=== SOURCE RECORDS ===

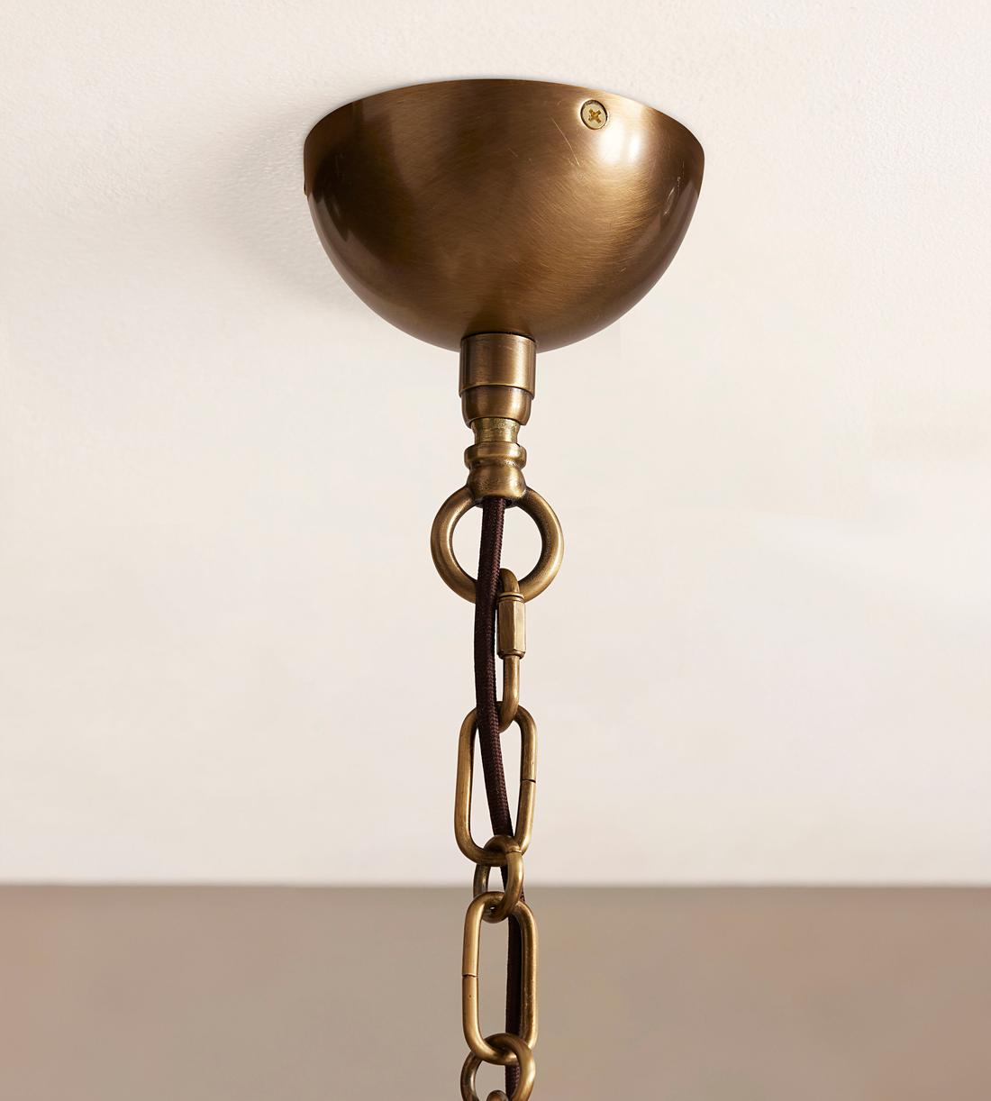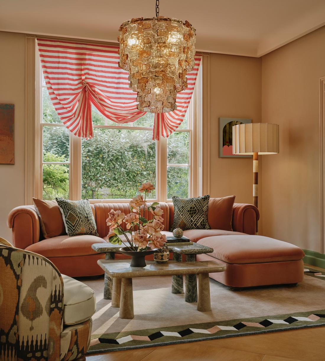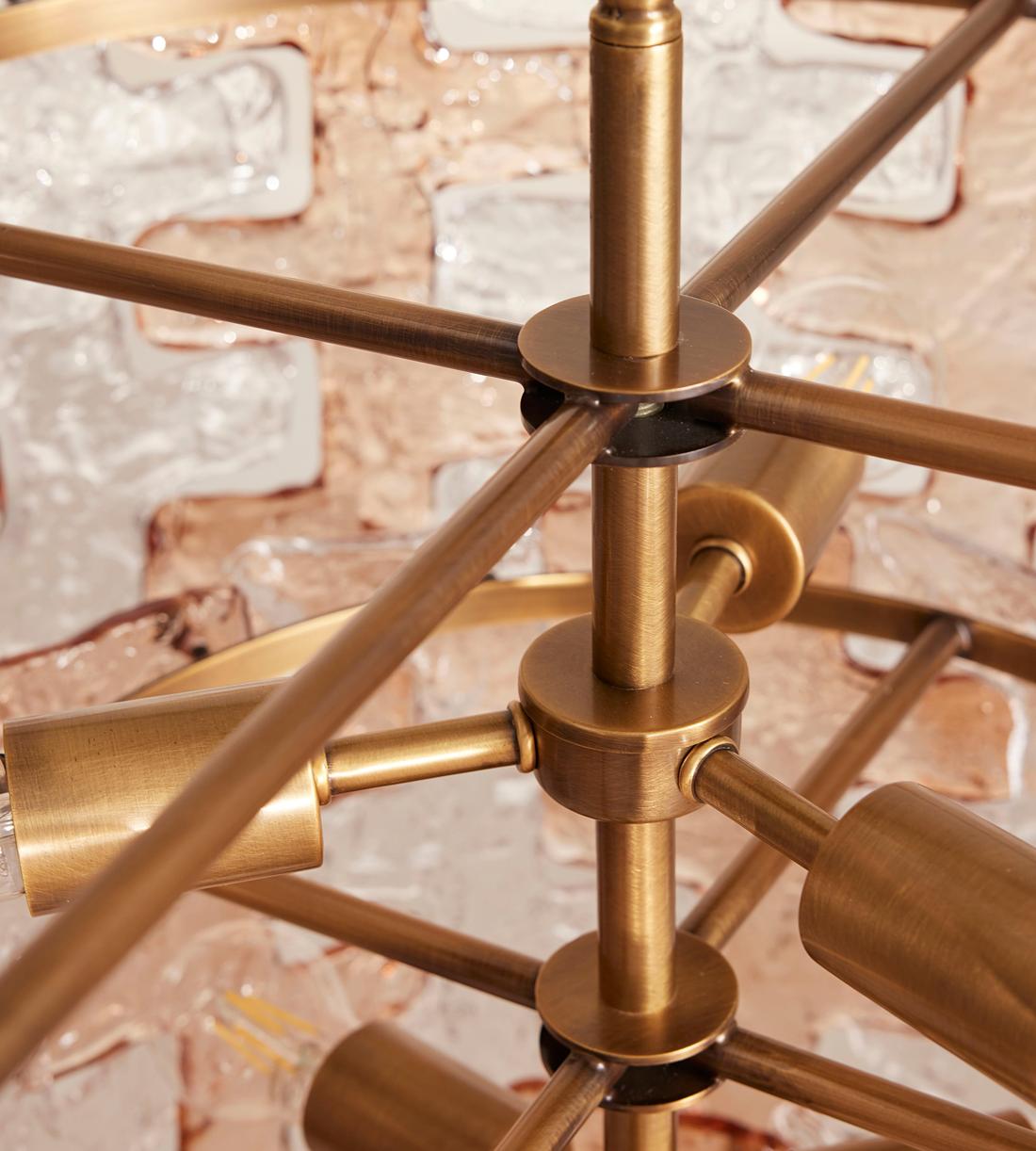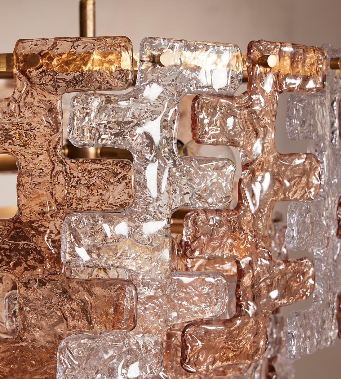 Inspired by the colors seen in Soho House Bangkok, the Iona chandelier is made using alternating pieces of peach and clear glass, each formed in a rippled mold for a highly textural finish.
--
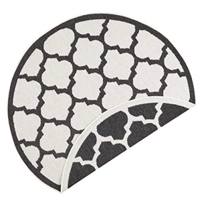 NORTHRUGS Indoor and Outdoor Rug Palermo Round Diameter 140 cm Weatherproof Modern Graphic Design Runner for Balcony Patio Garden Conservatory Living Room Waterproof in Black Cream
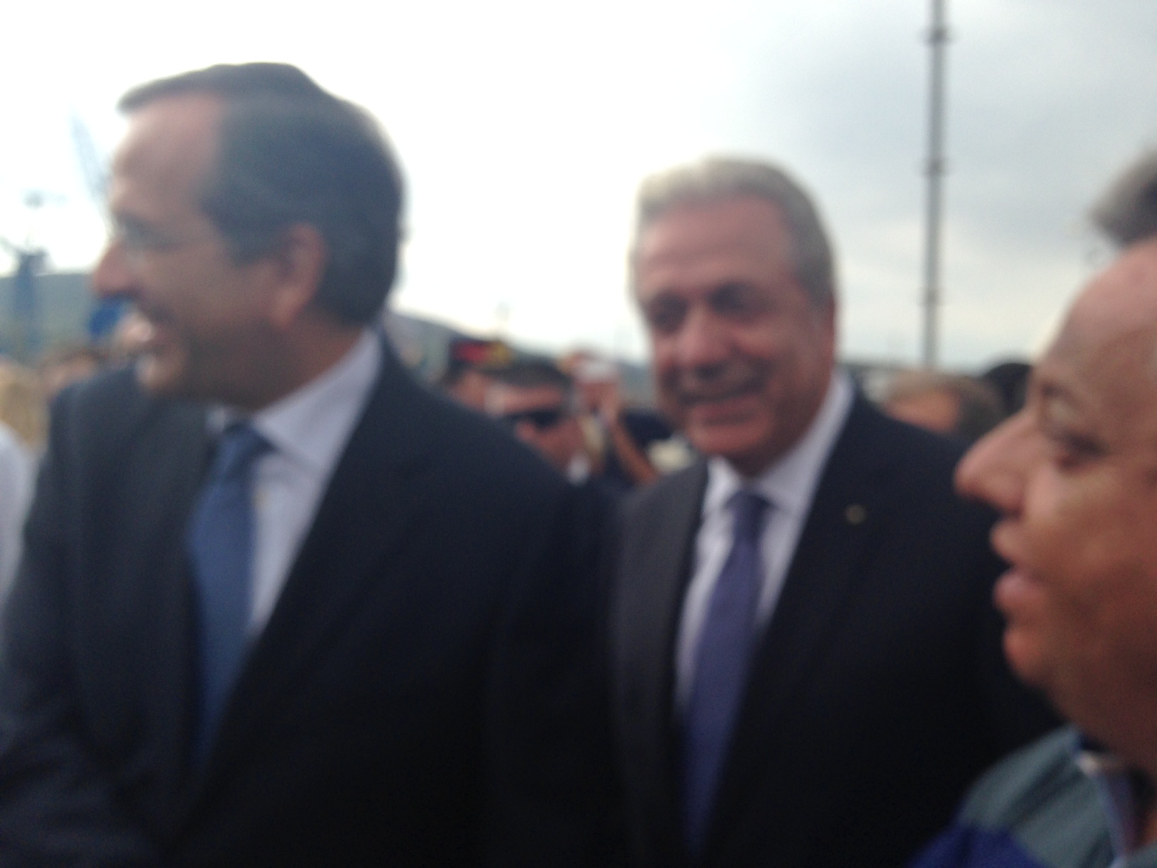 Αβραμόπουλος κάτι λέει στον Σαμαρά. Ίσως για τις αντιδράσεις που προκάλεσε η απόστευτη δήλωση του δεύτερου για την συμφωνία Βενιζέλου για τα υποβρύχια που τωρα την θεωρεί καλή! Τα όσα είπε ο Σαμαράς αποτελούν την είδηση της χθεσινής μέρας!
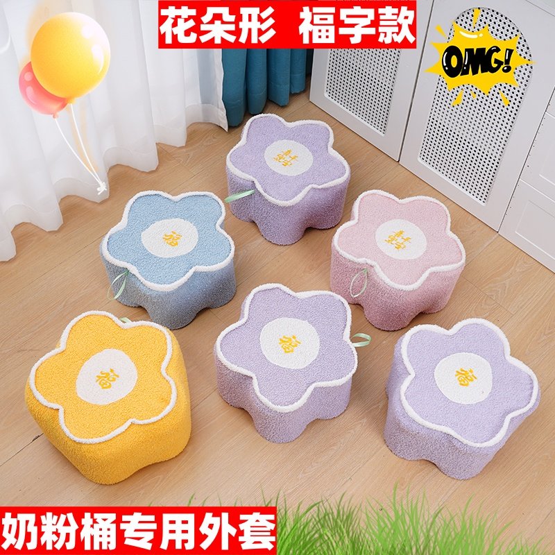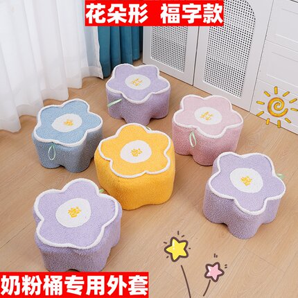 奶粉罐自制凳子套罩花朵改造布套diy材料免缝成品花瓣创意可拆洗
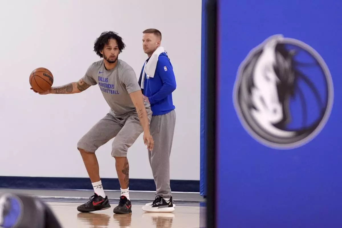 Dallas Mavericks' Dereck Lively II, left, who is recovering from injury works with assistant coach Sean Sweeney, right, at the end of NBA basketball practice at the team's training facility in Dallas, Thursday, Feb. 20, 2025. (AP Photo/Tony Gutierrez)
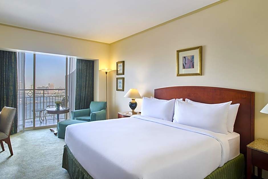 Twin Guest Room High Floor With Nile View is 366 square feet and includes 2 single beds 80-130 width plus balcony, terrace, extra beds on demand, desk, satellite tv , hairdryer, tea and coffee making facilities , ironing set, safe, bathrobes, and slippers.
--
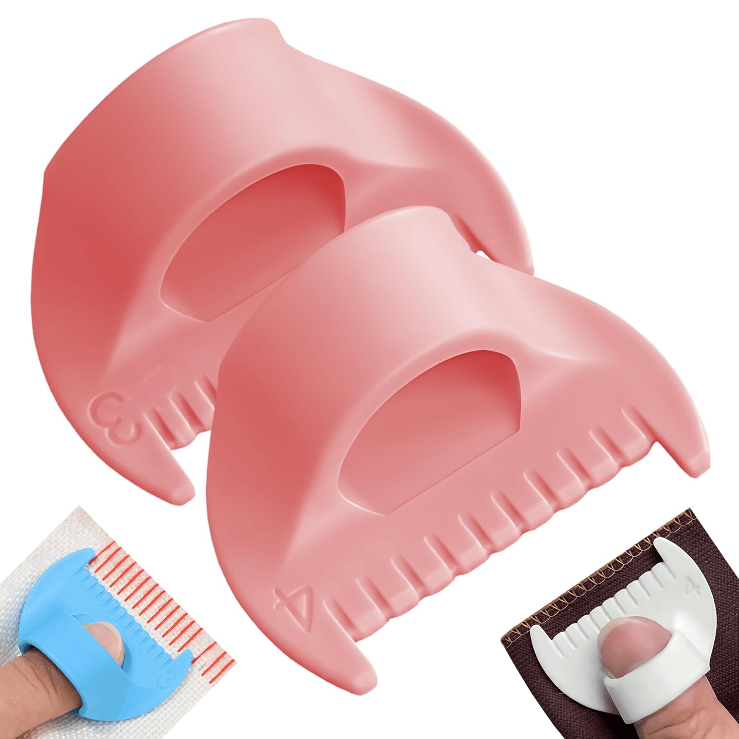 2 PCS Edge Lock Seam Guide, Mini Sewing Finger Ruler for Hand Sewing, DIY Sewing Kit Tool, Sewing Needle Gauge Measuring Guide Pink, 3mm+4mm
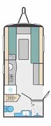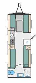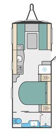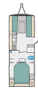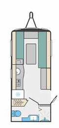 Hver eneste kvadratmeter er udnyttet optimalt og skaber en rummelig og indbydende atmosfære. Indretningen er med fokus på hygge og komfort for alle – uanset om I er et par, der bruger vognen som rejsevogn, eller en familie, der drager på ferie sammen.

=== WHAT THE TASK ASKS ===
Copy exactly, without pictures, the lines above from the one with "Αβραμόπουλος κάτι λέει" down to the one with "Twin Guest Room", inclusive.

=== EXERCISE RESPONSE ===
 Αβραμόπουλος κάτι λέει στον Σαμαρά. Ίσως για τις αντιδράσεις που προκάλεσε η απόστευτη δήλωση του δεύτερου για την συμφωνία Βενιζέλου για τα υποβρύχια που τωρα την θεωρεί καλή! Τα όσα είπε ο Σαμαράς αποτελούν την είδηση της χθεσινής μέρας!
 奶粉罐自制凳子套罩花朵改造布套diy材料免缝成品花瓣创意可拆洗
 Dallas Mavericks' Dereck Lively II, left, who is recovering from injury works with assistant coach Sean Sweeney, right, at the end of NBA basketball practice at the team's training facility in Dallas, Thursday, Feb. 20, 2025. (AP Photo/Tony Gutierrez)
 Twin Guest Room High Floor With Nile View is 366 square feet and includes 2 single beds 80-130 width plus balcony, terrace, extra beds on demand, desk, satellite tv , hairdryer, tea and coffee making facilities , ironing set, safe, bathrobes, and slippers.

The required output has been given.